I make many recommendations in my recent report for Her Majesty’s Government, “Early intervention: Smart Investment, Massive Savings”. The ones I would particularly like to talk about tonight involve the Treasury. I ask the Minister for her first thoughts on these recommendations. I am very grateful for the assistance I received from the Chancellor, the whole Treasury team and, indeed, Treasury officials—and, above all, from the Minister herself. She helped me in various ways—although the faults in the report are entirely my own—to make the second report a practical and pragmatic programme of work rather than a flight of fancy.

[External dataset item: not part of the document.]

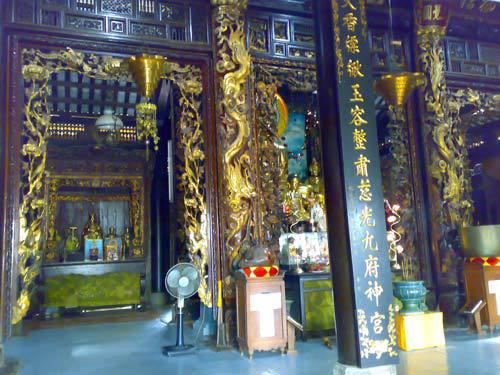 Phía trong gian chính điện và nhà tổ làm theo kiểu Trung Quốc nhưng vẫn giữ được nét kiến trúc Việt Nam, nối hai gian này là một khoảng nhỏ có hòn non bộ ở giữa, hòn non bộ này phác họa lại cảnh thiên nhiên sinh động mang bản sắc Việt Nam, điều đó chứng tỏ rằng tổ tiên ta nhễ muốn đưa thiên nhiên vào tận nhà. Đúng trên hòn non bộ nhìn về mặt sau gian chánh điện, hai bên nhà cầu, mặt trước nhà tổ, ta sẽ thấy lối kiến trúc Rôma với những hàng đá hoa màu sắc sặc sỡ của Pháp được trang trí trên thành nóc, trên những cột xây bằng xi măng kiểu cách.

There are no magic bullets. This is all about a practical, long-running and consistent effort to try to bring social and emotional capability to our babies, children and young people, which will repay us over and over again throughout the life cycle, as we avoid the costs associated with drink and drug abuse, teenage pregnancy, a lifetime on welfare benefits, educational underachievement, and so on and so forth. That benefit can come from just a little bit of early investment.

The key relevant recommendations to the Treasury concern the comprehensive spending review; rebalancing central Government spending from late to early intervention; a Whitehall task and finish group, which I shall talk about; a serious proposal for departmental payments, introducing a payment-by-results system effectively across Whitehall; liberating our local authorities so that they can be our partners in pursuing early intervention policies; and using the 2012 Budget to incentivise early intervention investment. I propose to look at each of those in turn.

First, I have suggested that the Treasury consider theming the next CSR around early intervention. The usual cross-departmental effort that goes in ahead of every CSR should be directed at early intervention across all Departments. That includes the research programme and the evaluation, which should be used to assess what is being spent on early intervention by Departments, thus providing a baseline from which we can judge the costs, benefits and potential savings to taxpayers from early intervention policies and programmes.

This CSR preparation should also include commissioning long-range surveys, studies and longitudinal programmes so that we can add daily to the evidence base for early intervention and its role in saving massive amounts of taxpayers’ money from being captured by the long-term costs of failure. Above all, doing this in the CSR will symbolise the Government’s approach and the switch in philosophy to give strong signals to Departments throughout Whitehall and indeed in local areas. We will thus be demonstrating that we are moving from talking the talk to walking the walk.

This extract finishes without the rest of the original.